摘要:贺敬之在20世纪五六十年代创作的诗歌被评价为文艺民族化的初步成就,这些诗作的形式探索与思想建构,体现了当代中国在社会主义文艺建设上的基本构想。诗作的探索性体现在形式、思想以及读者询唤三个方面:在形式方面,这些诗作改造并吸收了外来文艺形式和中国传统文艺形式,形成当代中国的民族表达,参与建设了民族形式,也基于当代中国的需求重新定义了古典外来文化;在思想内容方面,诗作将中国的历史和未来加以具象化,打造了当代中国足以超越时空的乌托邦形象,构建了当代中国的历史文化认同;在读者询唤方面,诗歌将历史文化认同化作个体的感知方式,塑造了当代中国的文化主体。
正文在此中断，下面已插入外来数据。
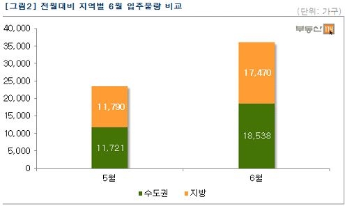전월대비 지역별 6월 입주물량 비교/ 부동산114 제공
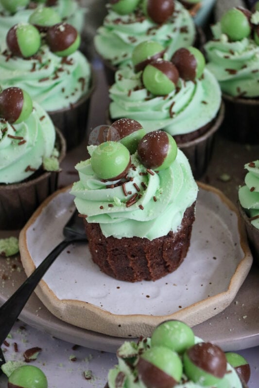 Hiya! Take a look at my Vegan Chocolate Orange cupcake recipe – just swap the orange for mint! Hope this helps! x
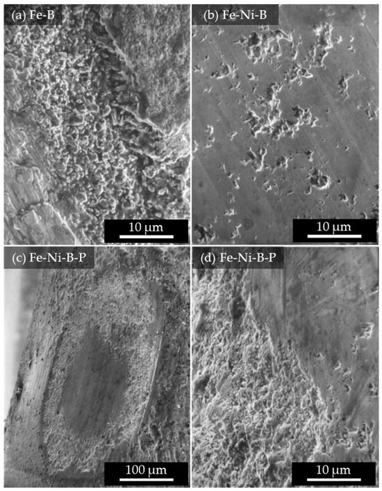 The tested samples were also subject to SEM observations (Figure 11). The observations show that the iron boride Fe-B-type layers and the multicomponent Fe-Ni-B-P-type nickel boride layers exhibit a visible tendency for spalling (Figure 11a,b). The spalling effect is particularly extensive in the iron boride layers’ case (Figure 11a). In the case of the multicomponent boride layer, a slightly lower surface area seems to be damaged (Figure 11c). The observed spalling effect in both cases is probably related to the low cohesion in the outside boride zone of the layer, which is composed of the most harmful brittle FeB or (Fe, Ni)B-type phase separated from the substrate by the large voids zone between boride needles. The decohesion of the superficial, wear-resistant layer of the boride layer exposes the deeper zones of the layer susceptible to seizing observed in the wear test (Figure 11). The Fe-Ni boride layers also crack during the bending test (Figure 12c); however, this process does not lead to the layers’ fragments’ decohesion (Figure 12c).
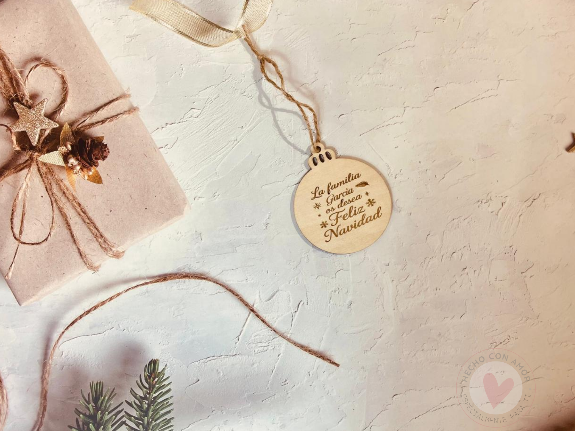 Cada bola personalizada es mucho más que un adorno. Es un recuerdo que permanecerá año tras año, recordando los momentos más bonitos junto a tus seres queridos. Su acabado en madera aporta un estilo natural y elegante, mientras que la opción con brillo ofrece un toque moderno y festivo.

19567月,贺敬之的《放声歌唱》刚在《北京日报》发表,就收获广泛好评,备受鼓舞的诗人在之后两个月内完成了后三节,向八大和国庆七周年献礼。第二年,中国青年出版社出版了《放声歌唱》的单行本,中央人民广播电台将诗作录音播放,产生全国反响。之后,贺敬之的《十年颂歌》《桂林山水歌》《雷锋之歌》等诗作也接连引起关注。评论家高度评价贺敬之,认为他的创作融合了楼梯式等外来艺术形式和对偶等中国传统艺术形式,茅盾更指出贺敬之的创作达成了民族化的初步成就1。直到今天,研究者也都肯定贺敬之在推进当代中国民族形式建设上的贡献。

贺敬之:《放声歌唱》,中国青年出版社,1957 

贺敬之无疑是中国社会主义文艺探索道路上的代表性作家:20世纪40年代,他作为主要执笔人创作的歌剧《白毛女》影响了数代中国人对革命的情感;五六十年代间,他创作的《回延安》《放声歌唱》《桂林山水歌》《雷锋之歌》等诗作,以生动的意象和昂扬的激情,形塑了新中国的形象,召唤了人民对新中国的认同。这些创作不仅推进了当代中国文艺对中国历史的叙述,抒发了对中国革命的感情,还因为充分作用于读者的感觉结构,参与塑造了新中国的主人翁意识,进而切实地作用于中国各项建设。贺敬之早已不只是一位文艺工作者,他的创作参与构造了当代中国人的精神,因而,他的书写是当代中国进行思想建设和民众动员的一种代表性方式。近年来,学界围绕20世纪4070年代文学与政治、文学与社会的关系问题展开研究,产生了一系列重要成果,这些研究拓展了文学研究的边界,揭示了文学超越文字艺术的价值。不过,文学能够起到这样重要的作用,在于它具有强大的形式功能和表现力,而贺敬之等人的创作能够在政治、社会和思想文化上产生巨大作用,在于其文学的表现力起到了感染和动员的作用,因此,考察贺敬之的文学创作所产生的现实作用,应关注他的政治、经济、社会观照如何以文学的方式表达出来。重读其《放声歌唱》等代表作,可以管窥当代中国思想是如何获得文学性表达的。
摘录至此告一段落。